The commission has proposed that orphaned children should be included in the Central list of Other Backward Classes, making them eligible for reservation at par with all castes in the list.
It has been proposed for children who were orphaned before reaching the age of 10, have no guardians at all and are admitted to either government or government-aided orphanages and schools.
The commission recently cleared the proposal and sent it to the Ministry of Social Justice. The government will now consider the proposal and examine the possibility of implementing it.

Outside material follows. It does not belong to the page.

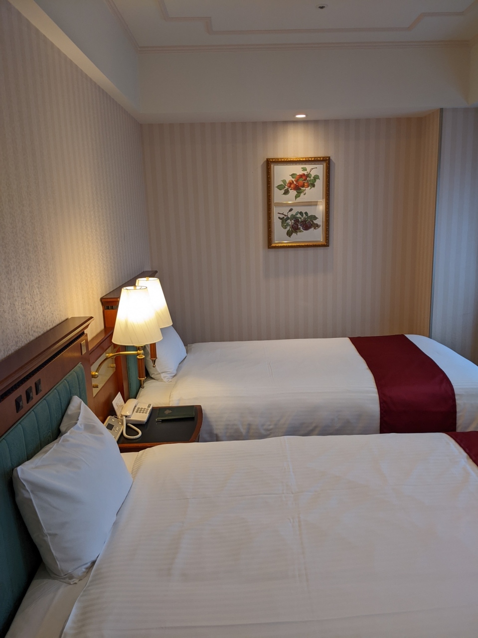 体調的に愛知芸術文化センター近くの宿に泊まりたく、ちょうど名古屋割と全国旅行支援で手の届くお値段だった為にお世話になる事にしました。申し訳ないくらいのお値段でした。綺麗なエントランスに礼儀正しい接客。Theホテルでした。荷物もチェックイン前に預かって貰えて助かりました。ツインしか取れなかったので、広くて部屋も豪華で。玄関→クローゼットスペース、ここからバスルーム→扉があって部屋。広すぎて最初暖房調節が上手く出来ませんでした。枕元にコンセントは無いですが、延長コードは用意してあったりします。ビジネスホテルでは無いからかWi-Fiに鍵は無いタイプでした。

If this does happen, it will be a landmark change in the country's reservation policy, although the provision does already exist in a few states. Tamil Nadu, Telangana and Rajasthan have reportedly been giving reservation to orphaned children under the state OBC list for several years now.
Putting numbers in perspective
To put the problem in perspective, there are about 20 million orphans in India, according to a study done by SOS Children's Village, an NGO, in 2011. The government maintains no such data.
Ironically, the government knows how many OBCs are there in the country, but it won't tell you. The caste-related data of Census 2011 is yet to be made public, in spite of demands from several quarters for releasing it.
Some OBC politicians estimate it to be at least 50% of the total population of the country. That puts it at least 600 million.
The proposal itself was not approved by the NCBC unanimously, as some members disagreed with the proposal. A member of the commission, Dr Shakeel-Uz-Zaman Ansari, told Catch that he submitted a note of dissent because he feels more needs to be done for this idea to actually see the light of the day.
He explained that, traditionally, the NCBC includes only those castes in the Central list that have already been made a part of the lists existing in all states. Castes are often refused entry into the Central list on the grounds that they are not a part of states' lists.
For fair play, this rule should apply to any category before its inclusion in the Central list, Ansari said, indicating that this will become a stumbling block for orphans because only three states recognise them as OBCs.
Apart from this, there is another stumbling block - the sustained opposition to the inclusion of any category in OBC lists anywhere by OBC activists and political parties who represent OBCs.
Rashtriya Janata Dal spokesperson Manoj Jha told Catch that this is a desirable proposal from the perspective of compassionate justice, but it is not in consonance with established constitutional principles. He said such a move will not be in accordance with the idea of who is an OBC, as laid out in Articles 15 and 16, which provide the basis of reservations in the country, and Article 340, which the NCBC derives its mandate from. Jha said this was a knee-jerk reaction to a burning problem, and the government must initiate separate measures for ensuring the welfare of orphans.
The proposal has found criticism even in the government camp. BJP MP Hukmdev Narayan Yadav also told Catch that this proposal was not correct, because orphans are not covered by the constitutional definition of social and educational backwardness.
He further said that already, OBCs did not have adequate reservation commensurate with their population, unlike Scheduled Castes and Scheduled Tribes, and bringing in more categories under the OBC list will further shorten the net for existing OBCs. Yadav urged the government and the judiciary to increase the 27% limit for OBCs by lifting the Supreme Court-enforced cap of 50% on quotas.
The NCBC had earlier mooted a similar proposal for quotas for transgenders, by including them in the OBC list.
The move saw similar opposition, and the Union government was eventually forced to drop the idea. The Transgender Persons (Protection of Rights) Bill introduced in the Lok Sabha in August made no mention of reservation for transgenders.
If this is any indication of the future of the latest proposal, the government and the NCBC will have to either brace themselves up for a sustained campaign, or let go of the idea.